Revenge for Prigozhin’s death: Russian volunteer corps stir up Wagner mercenaries

Revenge for Prigozhin’s death
Russian volunteer corps stirs up Wagner mercenaries

Mercenaries are also fighting on the Ukrainian side, but Kiev distances itself from the Russian volunteer corps. After the alleged death of Prigozhin, the group of Russian fighters turns to the Wagner troops – and calls on them to atone for the death of their leader.

The commander of the Russian Volunteer Corps (RVC), Denis Kapustin, has called on the fighters of the Wagner mercenary group to avenge the deaths of their founder Yevgeny Prigozhin and their commander Dmitry Utkin, which have not yet been officially confirmed. “You are now faced with a difficult decision. You can stand in a guard house of the Russian Ministry of Defense and serve as watchdogs for your commanders’ enforcers or take revenge,” Kapustin said in a video speech. In order to take revenge, however, they would have to switch to the side of Ukraine.

The Wagner founder is said to have died in a plane crash, and the Russian authorities have not yet identified Prigozhin’s body. President Vladimir Putin, however, already spoke in the past tense of the “talented businessman” and mercenary leader. “He was a person with a difficult fate and he made serious mistakes,” he said. During the Wagner fighters’ mutiny against the Russian leadership in June, Putin accused his longtime military henchman Prigozhin of treason, but then allowed him and his followers to travel to Belarus.
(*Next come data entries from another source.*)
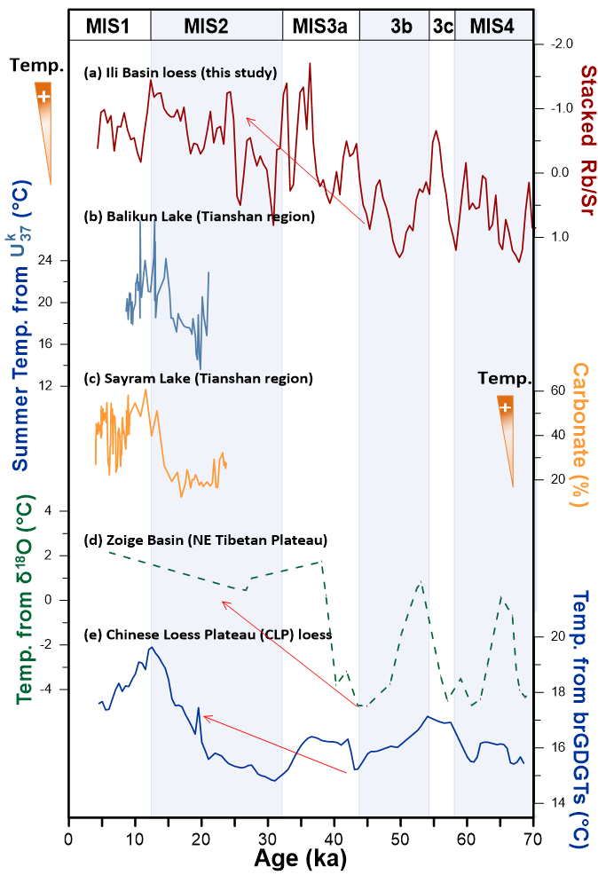 本项研究提出了Rb/Sr比值在中亚东北部黄土中可作为古温度的新解释,为理解干旱区气候—环境动力学过程提供了全新视角。不过,当前认识仍属于初步阶段,在未来的古气候重建应用中,还需通过多角度、多维度的验证工作进一步完善,以提升该指标的可靠性与适用性。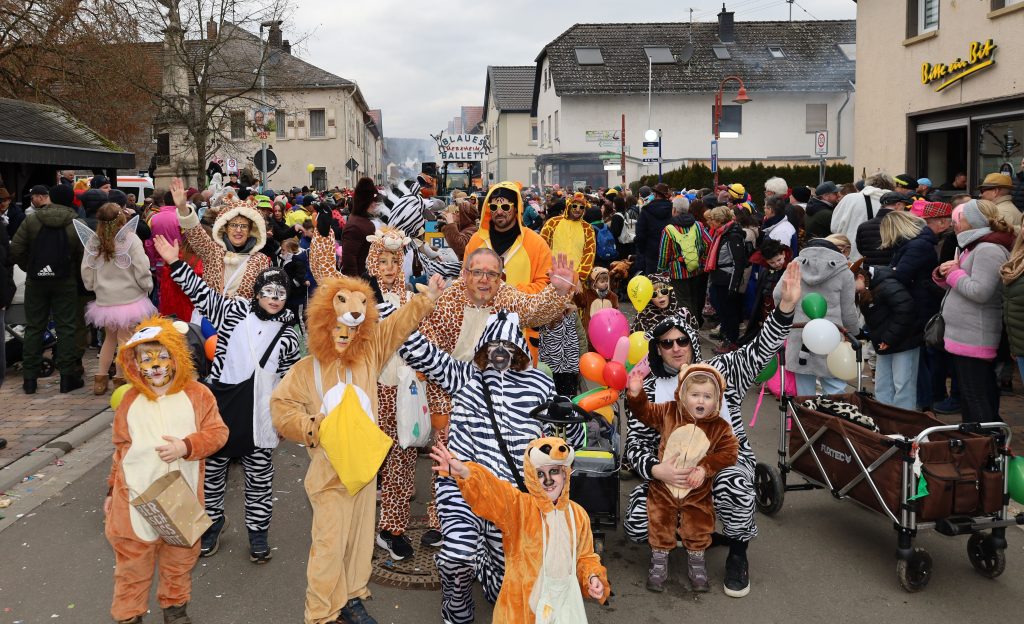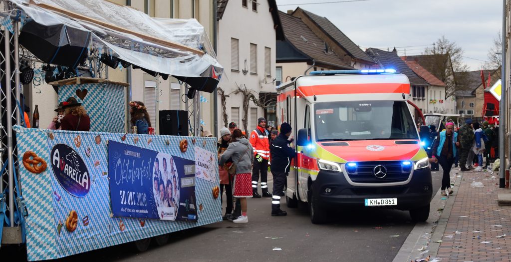 Alle Gruppen waren mit Elan und voller Begeisterung mit von der Partie, die größeren Wagen, etwa der Großen Merxheimer grün-gelben Garde, „Losse mol“ aus Staudernheim, das Blaue Ballett, die Flohhopser aus Seesbach oder die Nahe Tornados waren wunderschöne Eyecatcher, fantastisch und bombastisch; – die Wagenbauer scheuten weder Kosten noch Mühen. Und auch Wurfmaterial gab es reichlich, hinter dem Auto des Sowwerummer Förderverein Rosenmontagszug (FSR) war ein Anhänger und der war proppenvoll davon. Chronistenpflicht: Vor 16 Uhr war in der Hauptstraße/Naheweinstraße, am Denkmal, der DRK-Rettungsdienst bei zwei Einsätzen gefordert.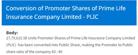 प्राइम लाइफको शेयर संरचना परिवर्तन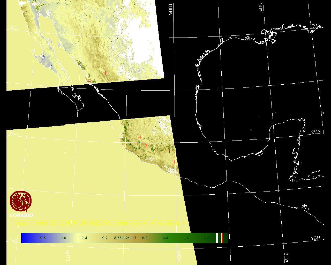 Los valores del índice van de -1 a 1, entre más cercano al valor 1 la vegetación presenta mayor vigor. Los índices de vegetación son utilizados para conocer el comportamiento de la vegetación tanto espacial como temporal. |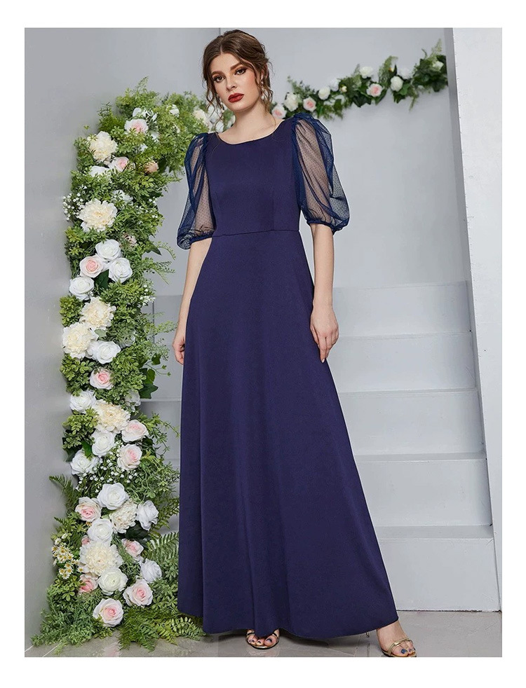 Voile Dress round Neck High Waist Half Sleeve Dress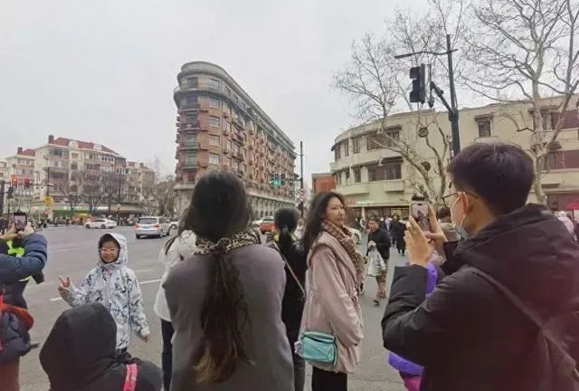 游客纷纷与造型独特的上海武康大楼合影。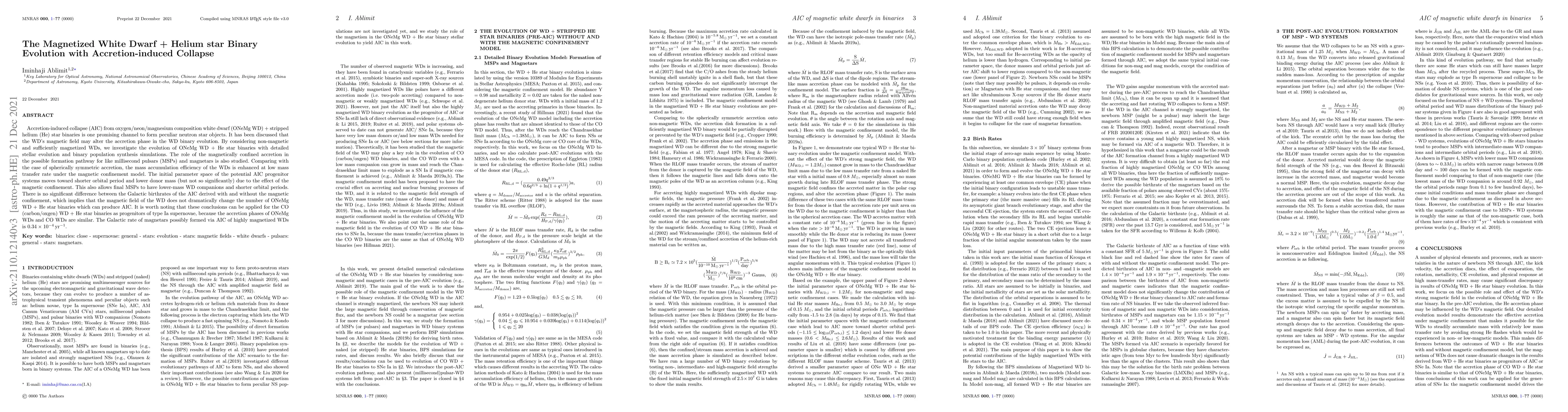 The study investigates the evolution of ONeMg WD + He star binaries using detailed stellar evolution and binary population synthesis simulations, considering both non-magnetic and magnetically confined accretion models.

Prigozhin and his Wagner troupe did not have a good reputation at home because of their covert operations abroad and because of their brutality. But his criticism of mistakes made by the Russian military leadership also made him a hero to many Russians. The allegation was raised on social media that the alleged plane crash was actually an assassination attempt on Prigozhin – an assessment shared by many Western politicians and military experts.

The RVC is a group of Russian fighters fighting on the Ukrainian side, and the government in Kiev insists it has nothing to do with their attacks. Already in May and June, fighters of the Volunteer Corps together with the Volunteer Battalion “Legion Freedom of Russia” took part in attacks in the Russian border region of Belgorod near Ukraine. Kapustin is the mastermind behind the RVC’s alleged “sabotage actions.” He is also said to have founded the “Russian Volunteer Corps”. The Russian is considered a neo-Nazi.